Today we drove up to Walvis Bay where we had lunch. I was surprised after seeing, feeling and experiencing the beautiful, soft, dry sand of the desert that the beach at Walvis Bay was muddy and smelly. Apparently there used to be wild flamingos there but I don't think they could survive in the current state of it. We stopped at the Tropic of Capricorn on the road too. Finally we reached Swakopmund (meaning land of mud) the capital of Namibia. This seemed like a nice city/town feel and we were able to explore a bit. There were lots of tourist shops and a street market with all kinds of handmade crafts. It was our first night in the past week that we were able to sleep indoors at a lodge and it was magnificent. We had dinner in the town and overall it was a relaxing evening.

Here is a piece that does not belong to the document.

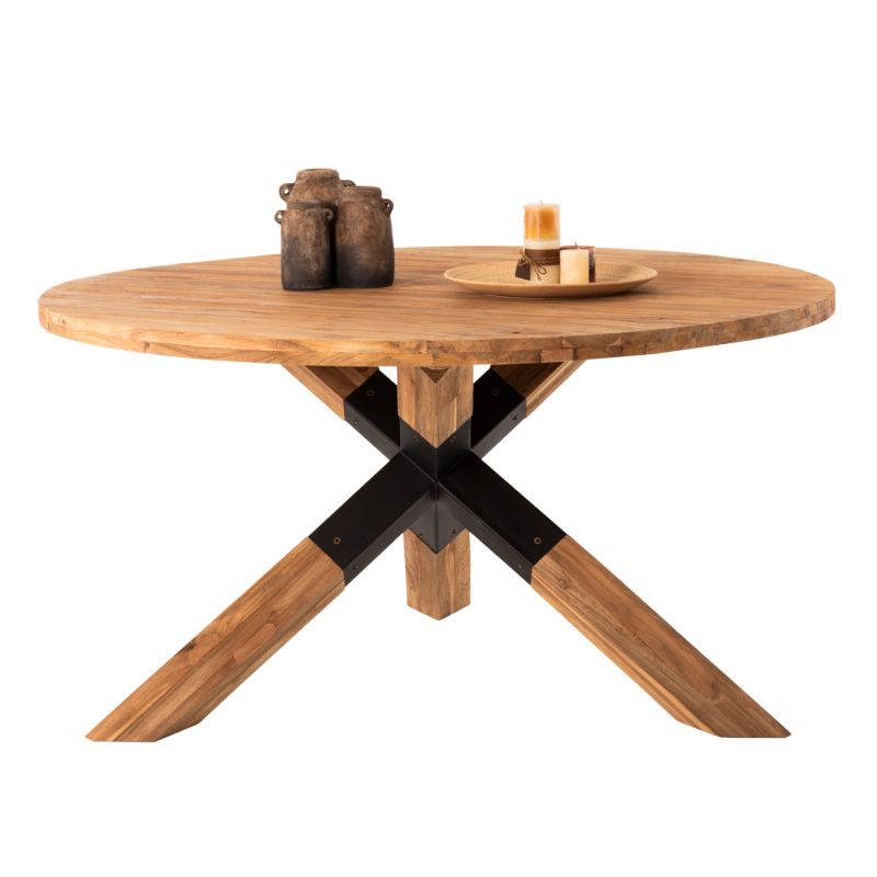 DINING TABLE ROUND KATTE HM9559 RECYCLED TEAK WOOD-LEGS WITH METAL Φ150x78Hcm.

"Swakopmund Founded in 1892 by German settlers, Swakopmund was intended to be the main harbour of German South-West Africa. Increased traffic between Germany and its colony necessitated establishing a port of its own, as Walvis Bay, located 33 kilometers south, was in British possession. The choice fell to a site north of the Swakop River, where water was readily available. There is a strong German architectural influence in the town, with its Bavarian-style buildings, including the Altes Gefängnis prison, designed by Heinrich Bause in 1909 and the Wörmannhaus, built in 1906 with a prominent tower, now a public library.
The area now known as Swakopmund was orginally called "Tsoakhaub", a Nama word that can be translated as "excrement opening", an offensive but accurate description of the waters of the Swakop River when it flooded, carrying masses of mud, sand, vegetation and animal corpses to the Atlantic Ocean. The name was changed to "Swachaub" by German settlers, and with the proclamation of Swakopmund as an independent district of German South-West Africa in 1896, the present way of writing Swakopmund (meaning Estuary of the Swakop in German) came into use.
Surrounded by the Namib Desert on three sides and the cold Atlantic waters to the west, Swakopmund enjoys a temperate climate. Rainfall is rare, but the cold Benguela current supplies moisture to the area in the form of fog that can reach as deep as 140 km inland. The fauna and flora of the area has adapted to this phenomenon and now relies upon the fog as a source of water.
Swakopmund is well known for adventure sports including: skydiving, sandboarding and quad biking."- Nomad Tours
Accommodation-  Amanpuri:
http://www.amanpurinamibia.com/

Day 7

In the morning I learned how to Sandboard. It was so much fun, but difficult at first. I fell a few times but was told that I am a "natural" at it (I think it has something to do with practicing snowboarding on the Wii fit!). We had to hike to the top of the sand dune each time we went down (no ski lifts!) and it was exhausting but it got surprisingly easier each time, with a communal gallon water jug at the top of the dune. We had to wax our boards each time and my last time down I did a jump! I tried sand boarding on a mat of wood one time but I went so fast (estimated around 60 kph) and at the bottom there was a point when you slide up again on another dune where I face planted and ingested half the dune. Fun and painful all in one. At the bottom of our last round on the dune we were served sandwiches and beer.
In the afternoon I went quad biking in the dunes. This was terrifying! It was my first time on a quad bike and we were driving vertically and sideways horizontally up

the sides of dunes. There was a guide at the front and one at the back to make sure everyone stayed on course. I seemed to end up in the back more often than not and sometimes I would lose the group over a big dune and the wind would sweep away their tracks leaving me in a panic. I got stuck in the sand 4 times because I slowed down when I saw someone in front of me stopped and lost momentum to get up the dune. I didn't fall off once though :-) It was another relaxing evening in preparation for a long day of driving ahead.

Day 8

We drove all day and went through customs and back to camp where we stayed the first night (probably the best campsite of the trip).

Day 9

We drove all the way back to Cape Town and said our goodbyes to the friends we made on the trip.